§ DESCRIPTION OF THE TASK
Write out exactly, and only, the lines below from the line with "via Bologna-Firenze. |" through the line with "Nachdem eine prall"; pictures do not belong in the copy.

Start of DATA FOR REVIEW

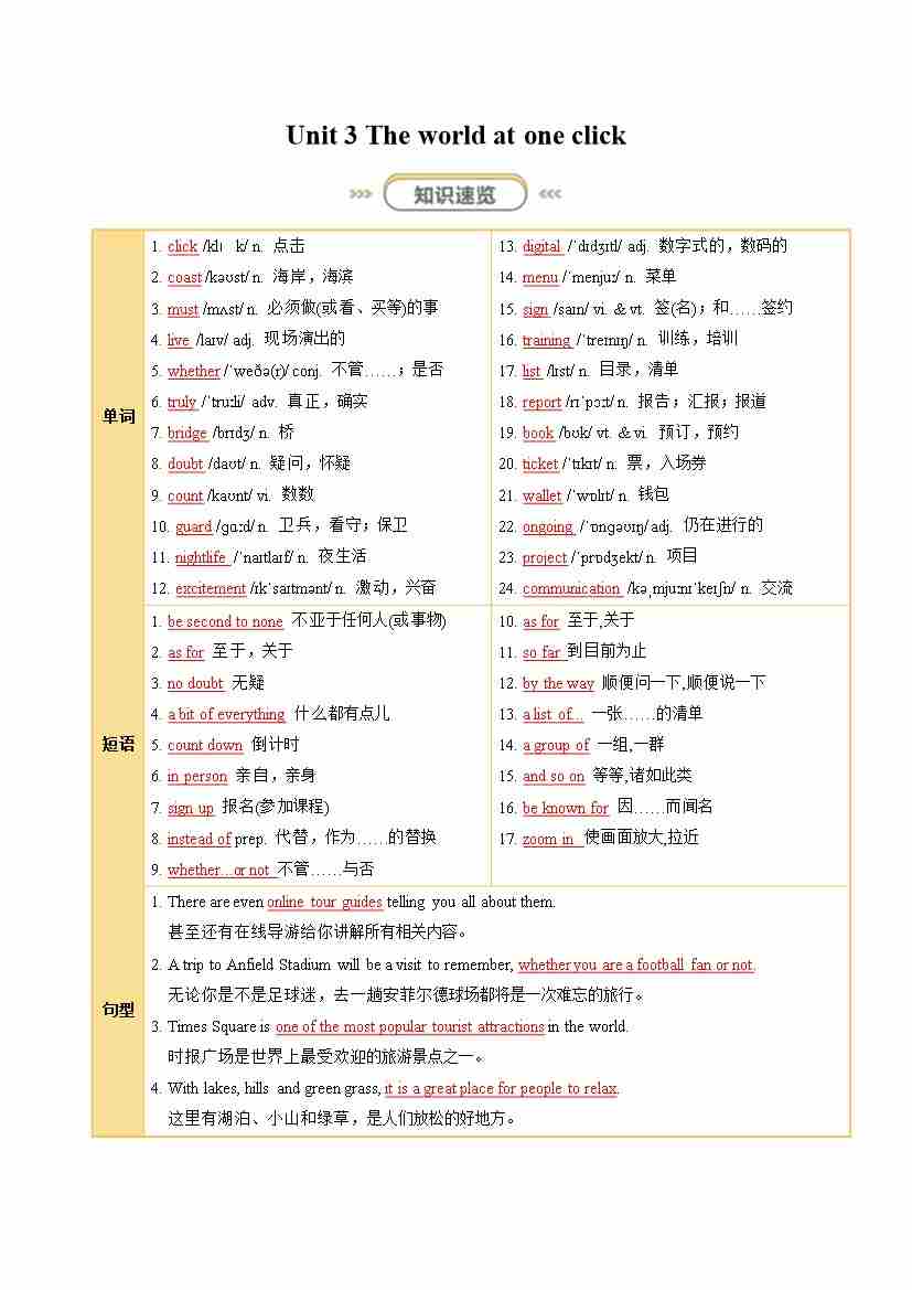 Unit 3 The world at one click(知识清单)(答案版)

End of DATA FOR REVIEW
Start of DATA FOR REVIEW

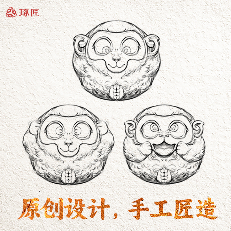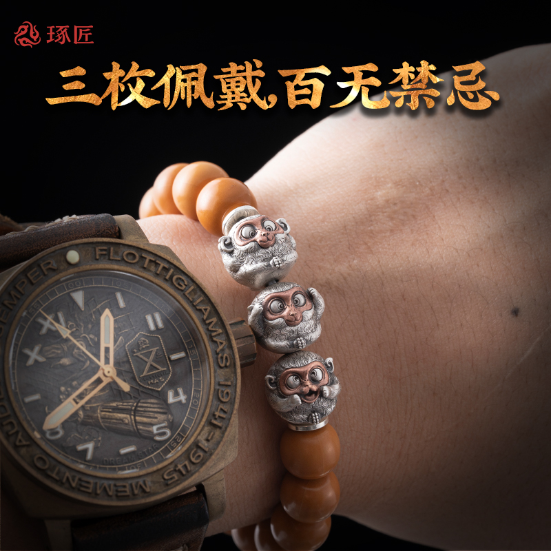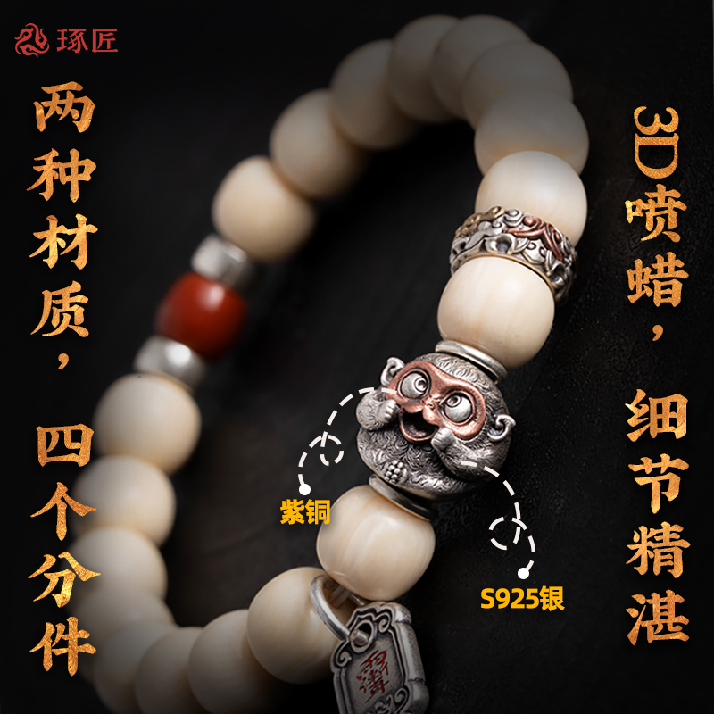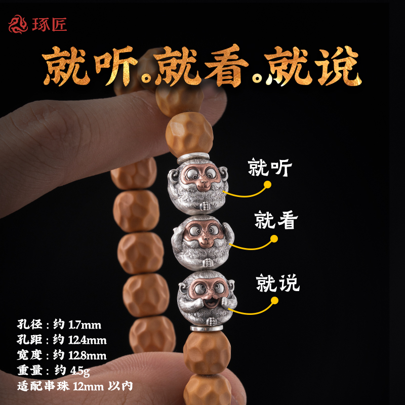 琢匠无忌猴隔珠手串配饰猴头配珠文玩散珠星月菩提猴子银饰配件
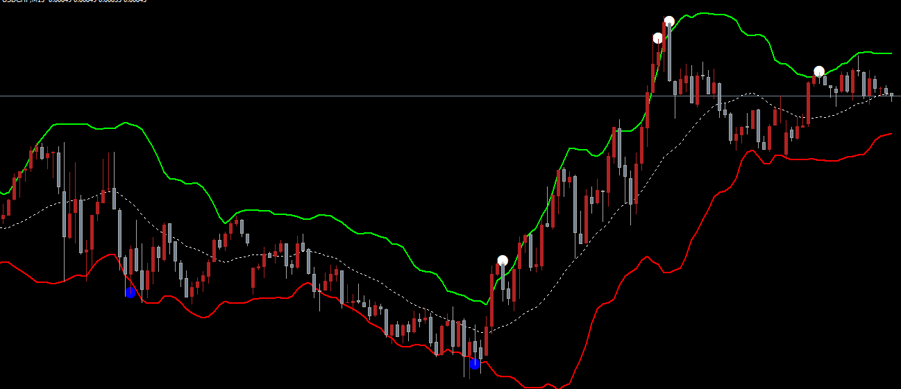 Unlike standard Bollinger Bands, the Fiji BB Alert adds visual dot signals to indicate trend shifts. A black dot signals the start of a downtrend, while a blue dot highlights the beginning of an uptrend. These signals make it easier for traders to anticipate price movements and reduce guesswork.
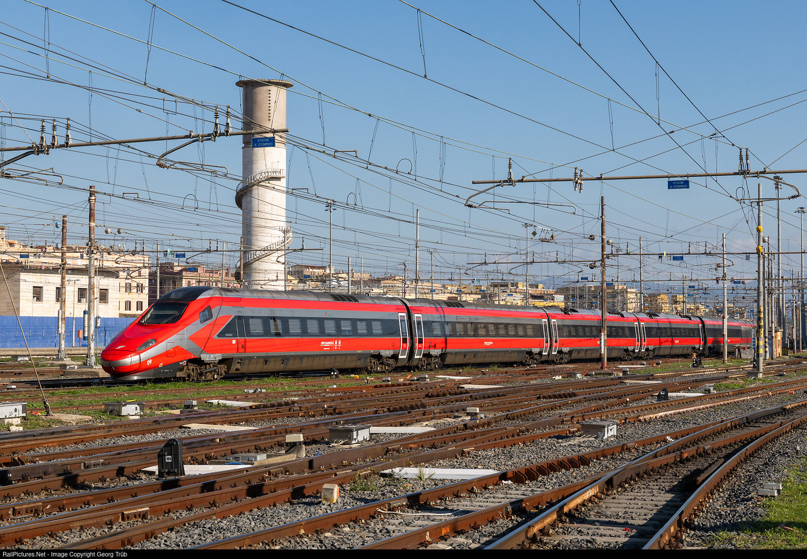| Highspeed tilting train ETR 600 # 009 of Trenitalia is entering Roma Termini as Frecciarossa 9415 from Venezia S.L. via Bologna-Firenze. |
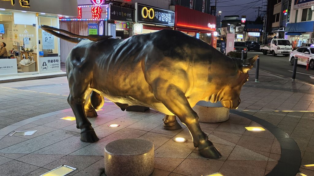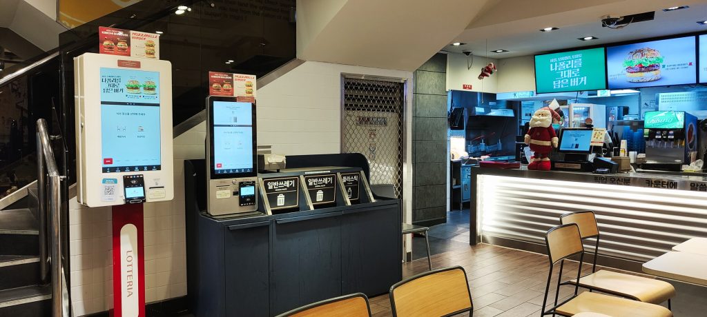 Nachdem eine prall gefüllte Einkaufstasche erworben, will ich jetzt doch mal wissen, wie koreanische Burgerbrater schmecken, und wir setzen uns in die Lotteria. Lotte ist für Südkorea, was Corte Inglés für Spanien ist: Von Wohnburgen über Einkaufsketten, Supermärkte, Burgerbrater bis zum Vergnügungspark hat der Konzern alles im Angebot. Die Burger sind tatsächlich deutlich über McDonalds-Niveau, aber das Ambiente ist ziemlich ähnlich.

End of DATA FOR REVIEW

§ SOLVED EXERCISE
| Highspeed tilting train ETR 600 # 009 of Trenitalia is entering Roma Termini as Frecciarossa 9415 from Venezia S.L. via Bologna-Firenze. |
 Nachdem eine prall gefüllte Einkaufstasche erworben, will ich jetzt doch mal wissen, wie koreanische Burgerbrater schmecken, und wir setzen uns in die Lotteria. Lotte ist für Südkorea, was Corte Inglés für Spanien ist: Von Wohnburgen über Einkaufsketten, Supermärkte, Burgerbrater bis zum Vergnügungspark hat der Konzern alles im Angebot. Die Burger sind tatsächlich deutlich über McDonalds-Niveau, aber das Ambiente ist ziemlich ähnlich.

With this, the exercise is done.